Task brief: Scan the records below for the line containing "Create an atmosphere" and the line containing "Gently Curved Lines". Copy both, plus every line between, exactly.

Material provided:
*** Block opens ***

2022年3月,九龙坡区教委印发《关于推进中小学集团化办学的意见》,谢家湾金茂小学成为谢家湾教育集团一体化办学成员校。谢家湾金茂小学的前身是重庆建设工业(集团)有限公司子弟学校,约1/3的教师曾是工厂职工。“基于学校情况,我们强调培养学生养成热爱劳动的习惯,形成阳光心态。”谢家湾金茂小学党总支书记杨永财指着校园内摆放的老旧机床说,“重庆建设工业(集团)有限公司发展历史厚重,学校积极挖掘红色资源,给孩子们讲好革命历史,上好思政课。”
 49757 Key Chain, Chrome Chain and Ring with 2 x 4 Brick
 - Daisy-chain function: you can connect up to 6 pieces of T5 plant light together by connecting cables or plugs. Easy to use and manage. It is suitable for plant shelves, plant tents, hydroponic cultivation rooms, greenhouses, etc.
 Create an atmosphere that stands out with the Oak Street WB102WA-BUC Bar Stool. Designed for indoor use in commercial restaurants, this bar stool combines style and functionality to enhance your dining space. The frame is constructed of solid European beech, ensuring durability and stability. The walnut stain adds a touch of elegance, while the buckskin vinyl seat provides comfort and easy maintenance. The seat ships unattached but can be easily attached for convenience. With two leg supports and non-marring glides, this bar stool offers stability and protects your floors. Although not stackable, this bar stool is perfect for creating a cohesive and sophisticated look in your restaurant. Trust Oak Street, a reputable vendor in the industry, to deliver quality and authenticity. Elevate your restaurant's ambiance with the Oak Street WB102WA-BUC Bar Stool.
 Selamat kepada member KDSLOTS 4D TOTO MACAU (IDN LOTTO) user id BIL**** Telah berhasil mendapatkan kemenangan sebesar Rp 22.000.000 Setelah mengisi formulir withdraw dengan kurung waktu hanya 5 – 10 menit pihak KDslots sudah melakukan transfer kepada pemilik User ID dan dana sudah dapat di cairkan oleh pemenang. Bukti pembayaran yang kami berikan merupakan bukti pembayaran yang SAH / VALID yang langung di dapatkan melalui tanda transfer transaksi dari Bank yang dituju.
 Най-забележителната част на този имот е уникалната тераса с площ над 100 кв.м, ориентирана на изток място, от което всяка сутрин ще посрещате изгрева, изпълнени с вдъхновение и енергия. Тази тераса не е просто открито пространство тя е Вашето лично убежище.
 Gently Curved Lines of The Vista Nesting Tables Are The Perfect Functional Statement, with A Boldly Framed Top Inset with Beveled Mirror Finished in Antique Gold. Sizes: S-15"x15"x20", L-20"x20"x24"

*** Block closes ***
*** Block opens ***

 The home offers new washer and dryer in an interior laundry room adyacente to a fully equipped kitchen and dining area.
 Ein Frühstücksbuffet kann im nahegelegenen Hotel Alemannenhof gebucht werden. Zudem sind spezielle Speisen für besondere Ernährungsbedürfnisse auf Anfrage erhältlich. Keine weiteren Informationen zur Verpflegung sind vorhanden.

*** Block closes ***

Response to this exercise:
 Create an atmosphere that stands out with the Oak Street WB102WA-BUC Bar Stool. Designed for indoor use in commercial restaurants, this bar stool combines style and functionality to enhance your dining space. The frame is constructed of solid European beech, ensuring durability and stability. The walnut stain adds a touch of elegance, while the buckskin vinyl seat provides comfort and easy maintenance. The seat ships unattached but can be easily attached for convenience. With two leg supports and non-marring glides, this bar stool offers stability and protects your floors. Although not stackable, this bar stool is perfect for creating a cohesive and sophisticated look in your restaurant. Trust Oak Street, a reputable vendor in the industry, to deliver quality and authenticity. Elevate your restaurant's ambiance with the Oak Street WB102WA-BUC Bar Stool.
 Selamat kepada member KDSLOTS 4D TOTO MACAU (IDN LOTTO) user id BIL**** Telah berhasil mendapatkan kemenangan sebesar Rp 22.000.000 Setelah mengisi formulir withdraw dengan kurung waktu hanya 5 – 10 menit pihak KDslots sudah melakukan transfer kepada pemilik User ID dan dana sudah dapat di cairkan oleh pemenang. Bukti pembayaran yang kami berikan merupakan bukti pembayaran yang SAH / VALID yang langung di dapatkan melalui tanda transfer transaksi dari Bank yang dituju.
 Най-забележителната част на този имот е уникалната тераса с площ над 100 кв.м, ориентирана на изток място, от което всяка сутрин ще посрещате изгрева, изпълнени с вдъхновение и енергия. Тази тераса не е просто открито пространство тя е Вашето лично убежище.
 Gently Curved Lines of The Vista Nesting Tables Are The Perfect Functional Statement, with A Boldly Framed Top Inset with Beveled Mirror Finished in Antique Gold. Sizes: S-15"x15"x20", L-20"x20"x24"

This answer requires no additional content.